Pada pasien, diberika obat untuk meredakan gejalanya dan untuk persiapan
opersi. Pasien mendapatkan timol eye drop yang merupakan obat golongan beta
bloker non selective. Obat ini bekerja dengan cara mengurangi produksi aqueous
humor tanpa mengubah ukuran pupil. B-blocker non-selektif, seperti timolol ini,
tetap menjadi terapi lini pertama pada pasien yang tidak memiliki kontraindikasi
sistemik. Penggunaan obat ini kontraindikasi pada pasien dengan gangguan
asthma, gangguan irama jantung dan reaksi hipersensitivitas. Timolol dapat
diberikan 2 kali sehari, biasanya setiap 12 jam.
Pada pasien ini perlu dilakukan persiapan operasi dengan memberikan obat
anti inflmasi. Obat anti inflmasi, selain untuk persiapan juga untuk mencegah
terjadinya konsekuensi yang tidak dapat diubah uveitis, seperti sinechia anterior
posterior dan perifer, membran pupillary atau kerusakan trabecular meshwork.

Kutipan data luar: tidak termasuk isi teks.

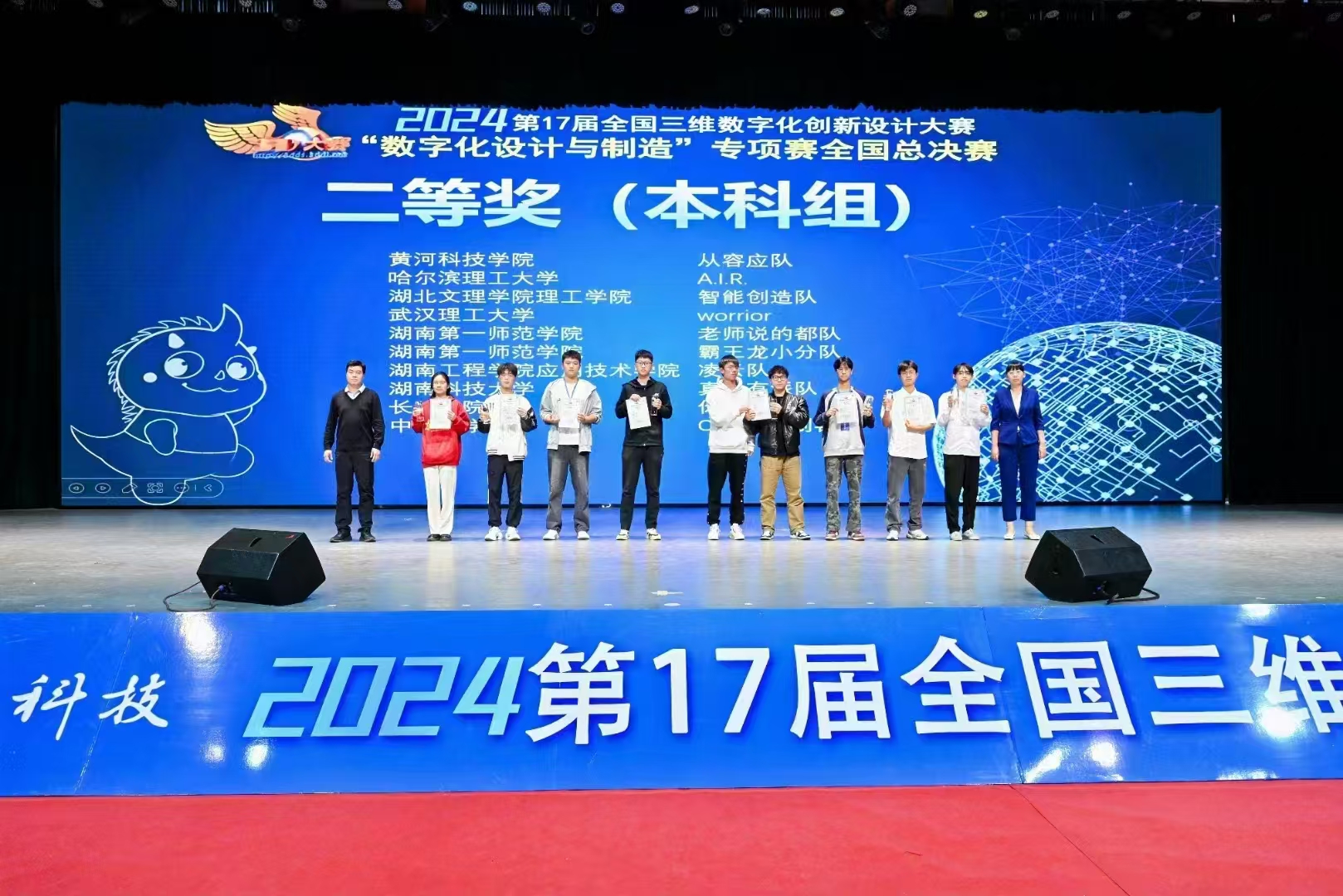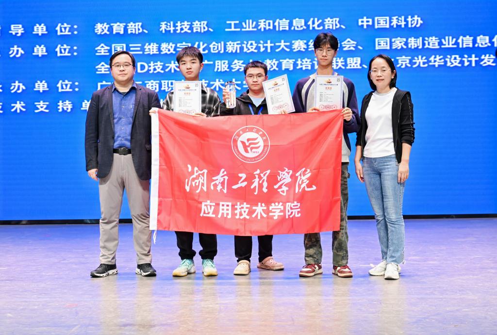 beat365官网学子在11月份举办的湖南赛区选拔赛中有4支队伍取得优异成绩,其中由马俊楠、唐宏涛、周程飞组成的“凌云队”荣获省级特等奖,成功晋级国赛。经过一个月的紧张筹备与反复优化,在全国总决赛中面对激烈的竞争对手,“凌云队”队员们沉着应战,充分展现了扎实的专业知识、卓越的实践能力和前瞻的创新思维,赢得评委们的一致好评。
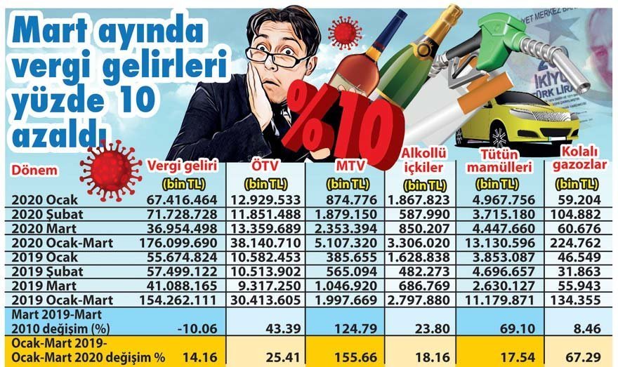 2019 Mart’ında alkol ve tütünden toplanan ÖTV 3.316.896.000 TL iken 2020 Mart’ında 5.297.867.000 TL oldu. Bu durumda geçen yıla göre alkol ve tütünden alınan ÖTV’de yüzde 60 artış vardır demek sayısal olarak doğru ancak herkes evine kapanmışken, restoran ve kafeler kapalıyken alkol ve sigara tüketiminin arttığını söylemek yanlıştır.

Obat anti inflamasi yang dapat diberikan bisa dari golongan steroid dan NSAIDs
ataupun kombinasinya keduanya.
Pasien ini mendapat satu jenis obat anti inflmasi steroid. Hal ini dilakukan
sebagai salah satu tindakan medikamentosa dalam mempersiapan keadaan mata
setenang mungkin sebelum operasi. Menurut penelitian, seminggu sebelum
dilakukan operasi, pasien bisa diberikan prednisolon 40 mg sekali sehari dan
prednisolone topical 1% setiap jam untuk mencegah perburukan dari uveitis.
Namun, pasien ini disertai dengan glaucoama sehingga penggunaan steroid
sebaiknya seminimal mungkin yang masih memberikan efek anti peradangan.
Steroid telah diketahui dapat meneybabkan peningkatan tekanan intraocular,
sehingga evaluasi tekanan intraocular pasien tetap perlu dipantau. Hal ini penting,
selain untuk evaluasi terapi juga untuk mengetahui apakah tekanan intraocular
yang meninggi disebabkan karena obat tersebut atau karena penyakit dasar.
Sebagai kombinasi steroid untuk memaksimalkan efek anti inflamasinya,
pada pasien ini diberikan NSAIDs berupa natrium diklofenak tetes mata. Selain
untuk meredakan inflmasi, obatini dapat meredakan gejala nyeri yang dialami
pasien. Obat ini juga memiliki efek samping berupa gangguan hemostasis.
Untuk mempercepat penurunan tekanan tekanan bola mata, pasien juga
diberikan azetazolamide, suatu inhibitor carbonia anhydrase. Obat ini cukup bagus
untuk menurunkan tekanan bola mata dengan cepat. Aspar K diberikan untuk
nutrisi dan mencegah kelelahan. Obat sebenarnya digunakan untuk mencegah
kehilangan kalium yang banyak yang disebabkan oleh penggunaan azetazolamide.